On Wednesday, three independent directors of PTC India Financial Services (PFS) -- Kamlesh Shivji Vikamsey, Santosh B Nayar and Thomas Mathew T-- resigned from the board with immediate effect.
In the resignation letters, they have alleged that certain actions of the Chairman of the Board and Managing Director of the company are "ultra-vires" and "in violation" of the provisions of the companies Act, 2013.
They also referred to the issues regarding Rs 125 crore-bridge loan given to NSL Nagapatnam Power and Infratech Pvt Ltd, besides alleging that "no action" has been taken on certain corporate governance issues.
Recently, PFS announced that it will receive its share of around Rs 125 Crore as part of the total resolution amount from one of its stressed loan accounts in the thermal segment namely the 2x600 MW coal power plant located at Cuddalore District in Tamil Nadu.
The instant project has been implemented by IL&FS Tamil Nadu Power Company Ltd. (ITPCL). PFS had sanctioned a total loan of Rs 200 crores under consortium arrangement to ITPCL for implementing the instant project.

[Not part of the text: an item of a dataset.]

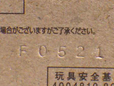 2019年8月27日現在の最新製造年月日については、神奈川のコレクターK氏の情報によれば、箱では「F1519」を確認。ブリスターパックでは最近まで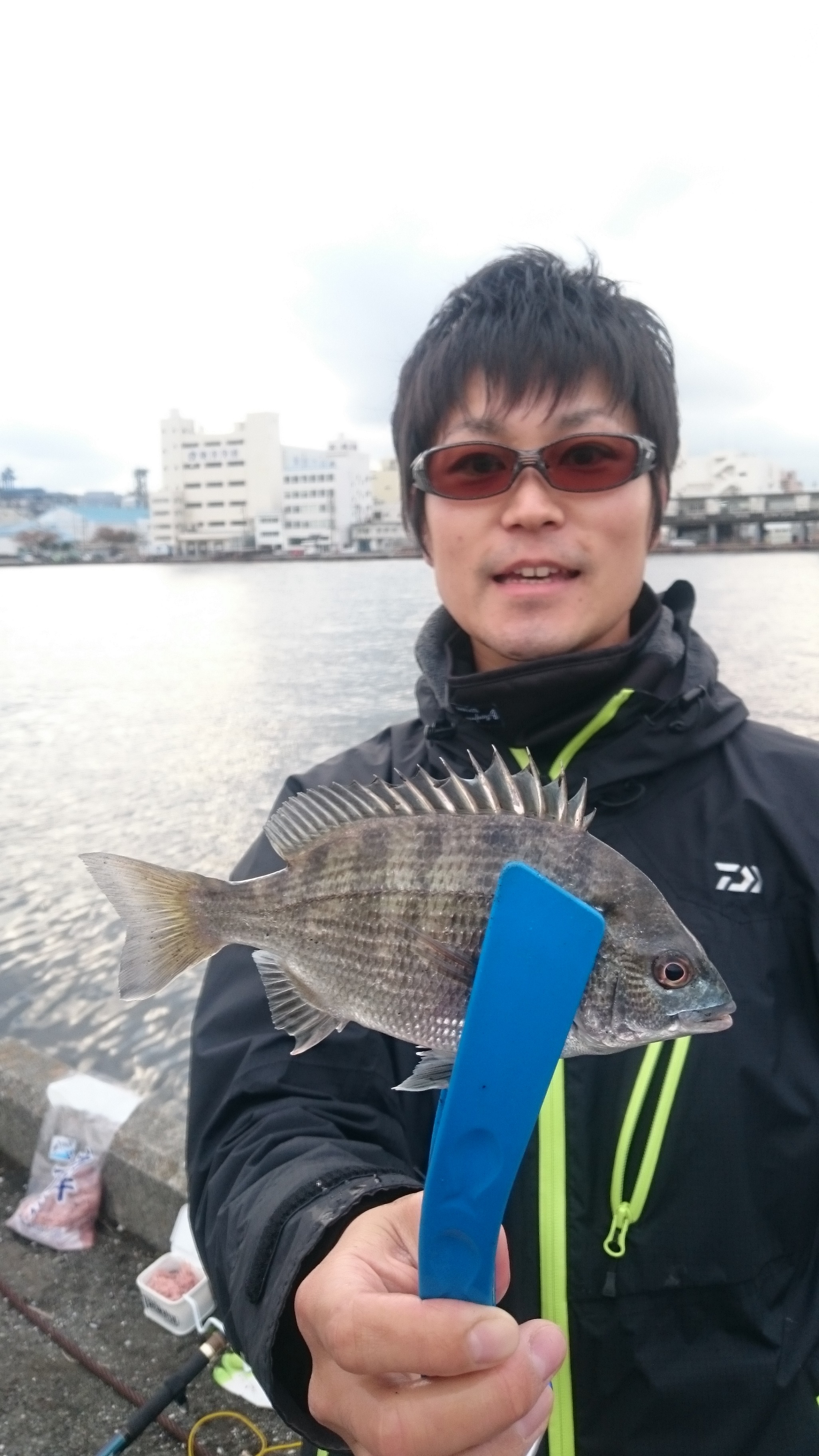 いつもの清水港に午後からの釣行でチヌ、グレ狙いで磯竿を出してきました。コマセはオキアミに米糠、チヌパワーを混ぜて作りました。刺しエサはオキアミ。ウキ下は底をちょっと切るイメージで設定しました。まず掛かってきたのは小さいカサゴ!清水港はカサゴが多いです。その後は1時間くらい何も無く、ようやくコマセが効き始めたのか、ウキに反応が出るようになってきました。ウキが瞬時に潜り見えなくなりアワセると、小気味いい引きで上がってきたのはチンタくんでした。20cmちょっとでした。次は仕掛けを投入してぼーっとよそ見をしていると、ウキが見えなくなっていました。慌ててアワセるとさっきより引きました。23cmくらいでした。その後もアタリが続き18~23cmくらいまでを4枚釣ることができました。外道でカサゴとコチ科の魚が掛かりました。外道だとウキはゆ~くり沈みますが、小さくてもチヌが掛かると瞬時にウキが消し込みます。さらに、磯竿が弧を描くのは気持ちいいです。フカセ楽しいです。

PFS is a non-banking finance company promoted by PTC India Limited. PFS has been granted the status of an Infrastructure Finance Company (“IFC”) by the Reserve Bank of India.
PTC India Financial reported a 65 per cent jump in its net profit at Rs 52.4 crore for the quarter ended September 2021. Profit in the year-ago period stood at Rs 31.8 crore. The net sales of the company fell to Rs 242 crore from Rs 295 crore in the year-ago period.
According to MarketsMojo, the stock is trading at a premium compared to its average historical valuations and it has a very expensive valuation. The company has a weak long-term fundamental strength with an average Return on Equity (ROE) of 4.89 per cent.